> [Requirement] Word for word, restate the entries below and exclude every image.

Records contained in a dataset
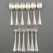 Zes 2e gehalte zilveren dinercouverts, gladde rechte steel, meester: Hendrik Adriaan de Meijer, 's-Gravenhage, 1823, gewicht 823 gram, lengte 21.5 cm
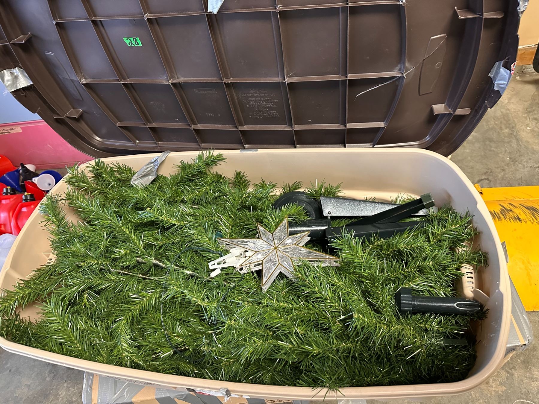 Bin with artificial Christmas tree approx 6 ft - no lights
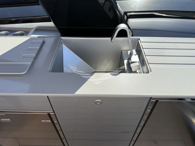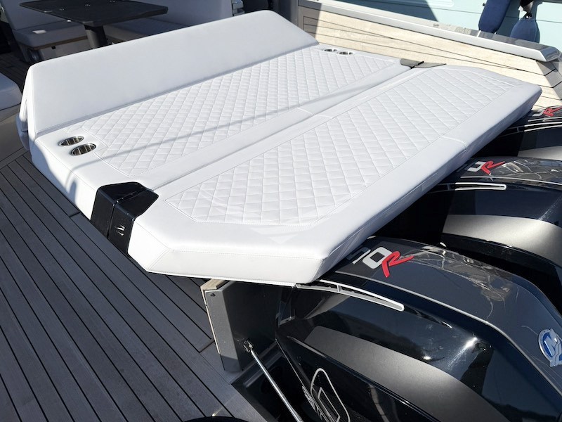 Attraverso la piccola ma funzionale plancetta di poppa dotata di passerella idraulica s’accede all’ampio e pratico pozzetto walkaround. Nella zona poppiera, davanti i motori fuoribordo è stato collocato in posizione centrale il comodo prendisole. Caratteristica di quest’area sono le murate abbattibili che permettono un contatto diretto con il mare.
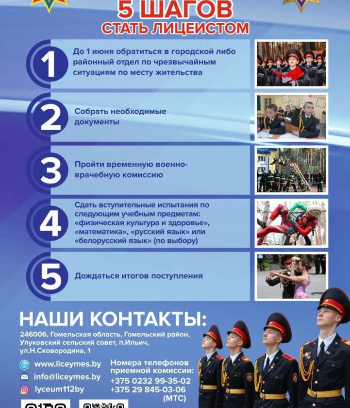 22 ноября 2025 года в 11:00 в Лицее МЧС состоится Дени открытых дверей (адрес: Гомельская область, Гомельский район, Улуковский сельский совет, п.Ильич, ул.Н.Сковородина,д.1).
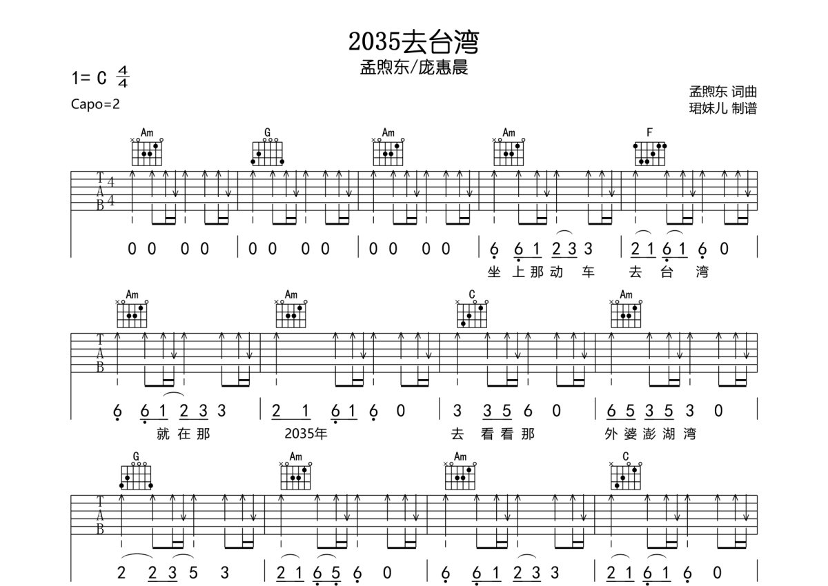 孟煦东/庞惠晨《2035去台湾》吉他谱 - C调弹唱六线谱
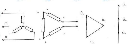 該裝置是由三臺單相變壓組成,其工作原理如圖一

> [Response to this exercise]
 Zes 2e gehalte zilveren dinercouverts, gladde rechte steel, meester: Hendrik Adriaan de Meijer, 's-Gravenhage, 1823, gewicht 823 gram, lengte 21.5 cm
 Bin with artificial Christmas tree approx 6 ft - no lights
 Attraverso la piccola ma funzionale plancetta di poppa dotata di passerella idraulica s’accede all’ampio e pratico pozzetto walkaround. Nella zona poppiera, davanti i motori fuoribordo è stato collocato in posizione centrale il comodo prendisole. Caratteristica di quest’area sono le murate abbattibili che permettono un contatto diretto con il mare.
 22 ноября 2025 года в 11:00 в Лицее МЧС состоится Дени открытых дверей (адрес: Гомельская область, Гомельский район, Улуковский сельский совет, п.Ильич, ул.Н.Сковородина,д.1).
 孟煦东/庞惠晨《2035去台湾》吉他谱 - C调弹唱六线谱
 該裝置是由三臺單相變壓組成,其工作原理如圖一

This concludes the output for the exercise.